(EXERCISE REQUIREMENTS) Print only the lines running from the line with "本次答辩参与答辩的是来自各班" to the final line below, both included, exactly as written and without the pictures.

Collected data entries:
┄┄┄┄┄┄┄┄┄┄

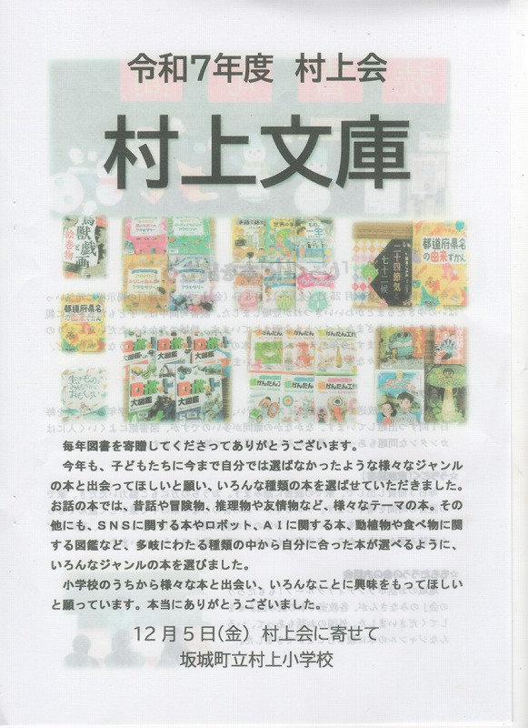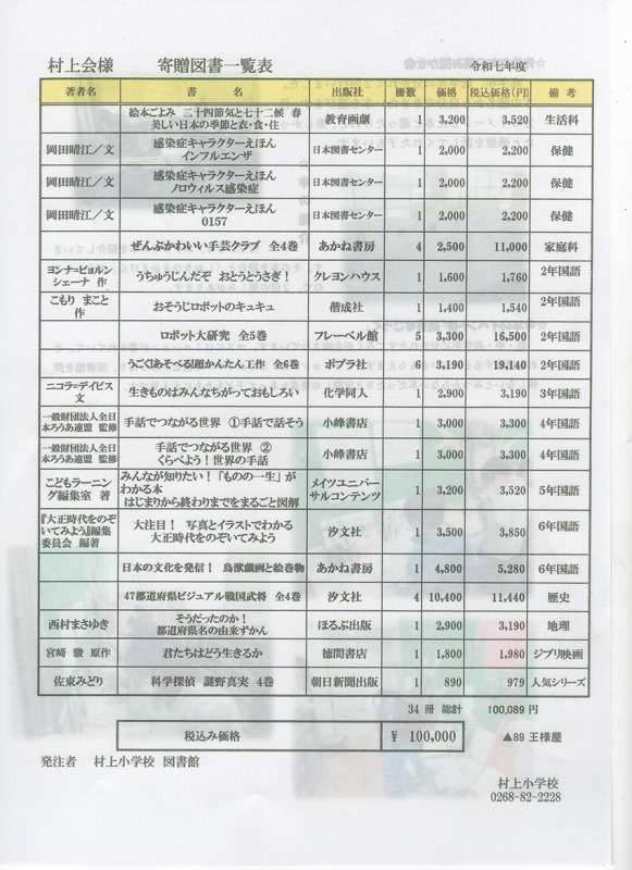 村上会の皆さんからは、毎年毎年、地元の村上小学校の子供たちに図書のご寄付をいただいています。
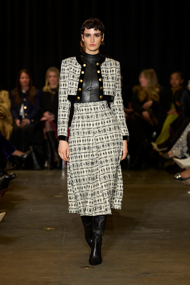 تتنوع أشكال التنانير المناسبة لجسم الساعة الرملية، ولكن ستظل الموديلات المصممة بقصة محددة لمنطقة الخصر والمستوحاة من شكل الكورسيه هي الأنسب، مثال على ذلك التنورة التويد الميدي المميزة بقصة A Line الموقعة من سيرجيو هدسون Sergio Hudson والمنسقة مع توب جلد وجاكيت كروب قصير من الخامة والنقشة نفسيهما، أكملي هذا اللوك الخريفي الأنيق ببوت أسود طويل، واحملي حقيبة كلاتش برغندية.
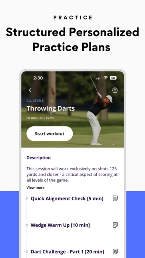 No matter how much or little time you have to dedicate to golf, we can help build a roadmap to your goals, adapt the plan as needed and hold you accountable for your progress. Start having fun on your golf practice journey with daily challenges and games to keep you engaged while you improve. Get a balanced practice schedule to make sure you are practicing all areas of your game.
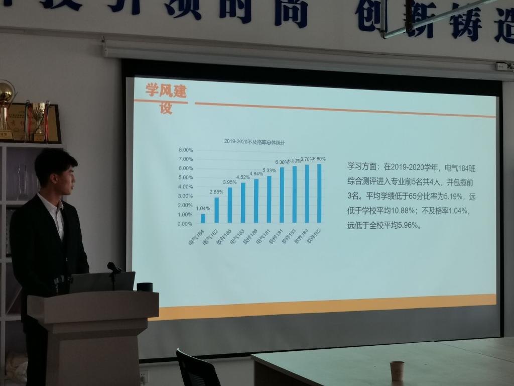 本次答辩参与答辩的是来自各班级的优秀代表,涵盖2017、2018、2019级共计25个班级。在主持人介绍答辩注意事项、评分规则后,答辩正式开始,各班答辩人经过抽签依次上台答辩,各班级通过精心制作的PPT课件,从班级基本情况、学风建设成果、成绩分析、学风创建举措、班团活动、未来规划等方面,向评委和现场观众展示了自己班级的风采和特色。经过角逐,最终评选出优良学风标兵班6个,优良学风班10个。
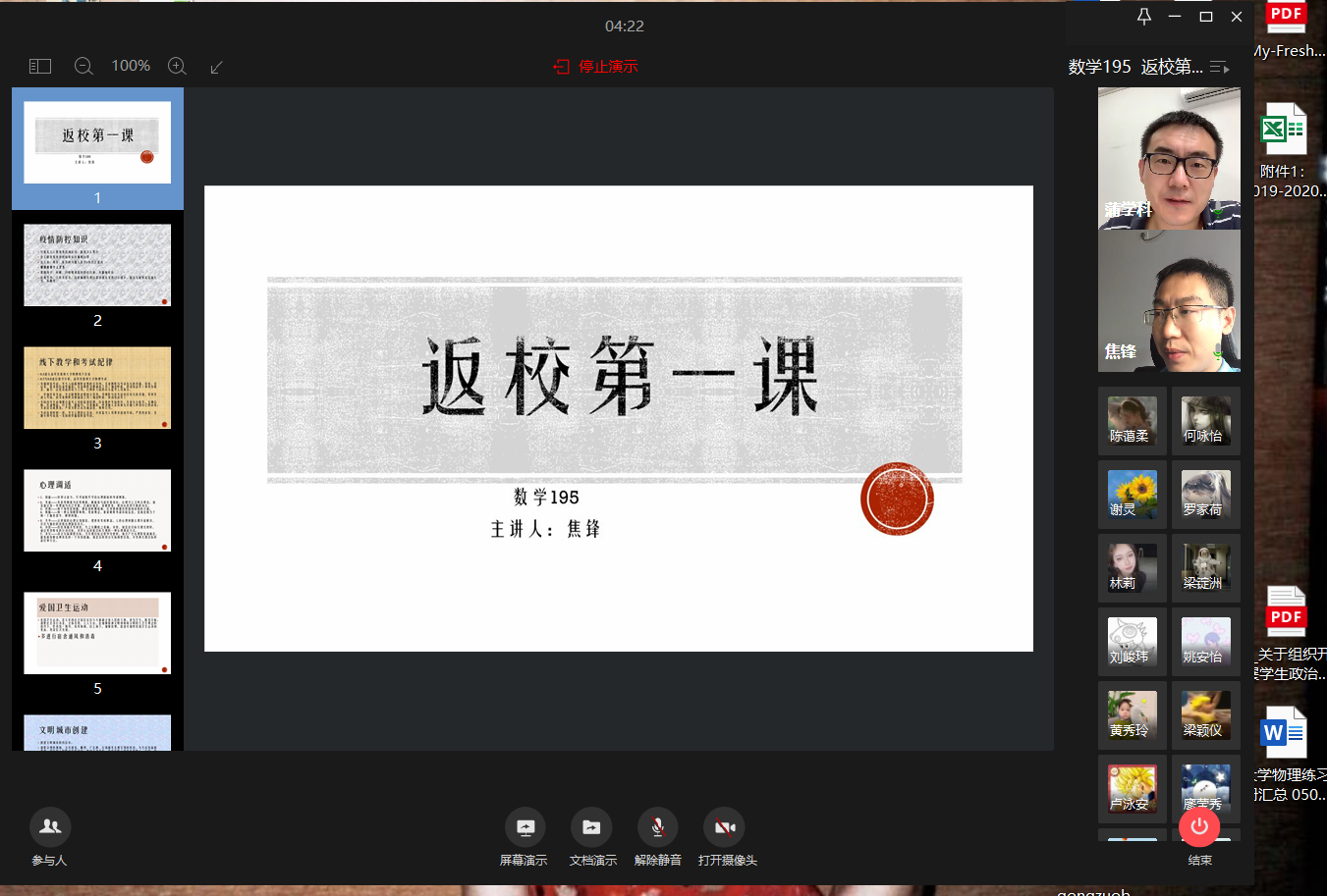 各年级各班开展了“返校第一课”,由各班班主任向班级同学主持并传达疫情防控知识、线下教学和考试纪律、心理调适、安全教育和人文关怀。其中,杏吧视频
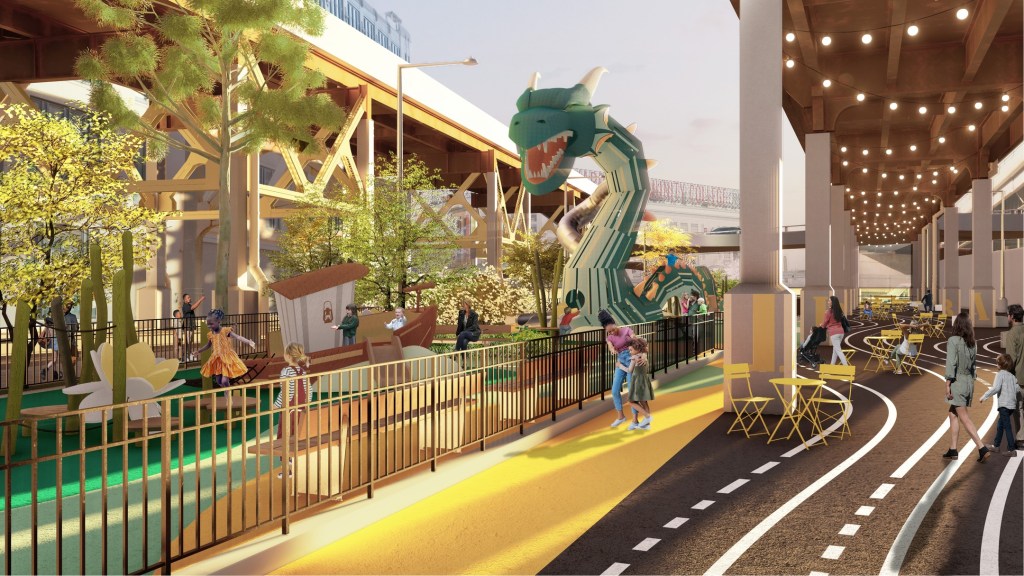 In addition to the presumably friendly dragon, the park designed by Studio V and LVF Landscape Architects will boast children’s playgrounds, a dog run, public seating, extensive plantings and public art space. It’s funded by $5.5 million from the developers and a $2.4 million grant awarded by Gov. Kathy Hochul.

┄┄┄┄┄┄┄┄┄┄

(FINISHED TASK)
 本次答辩参与答辩的是来自各班级的优秀代表,涵盖2017、2018、2019级共计25个班级。在主持人介绍答辩注意事项、评分规则后,答辩正式开始,各班答辩人经过抽签依次上台答辩,各班级通过精心制作的PPT课件,从班级基本情况、学风建设成果、成绩分析、学风创建举措、班团活动、未来规划等方面,向评委和现场观众展示了自己班级的风采和特色。经过角逐,最终评选出优良学风标兵班6个,优良学风班10个。
 各年级各班开展了“返校第一课”,由各班班主任向班级同学主持并传达疫情防控知识、线下教学和考试纪律、心理调适、安全教育和人文关怀。其中,杏吧视频
 In addition to the presumably friendly dragon, the park designed by Studio V and LVF Landscape Architects will boast children’s playgrounds, a dog run, public seating, extensive plantings and public art space. It’s funded by $5.5 million from the developers and a $2.4 million grant awarded by Gov. Kathy Hochul.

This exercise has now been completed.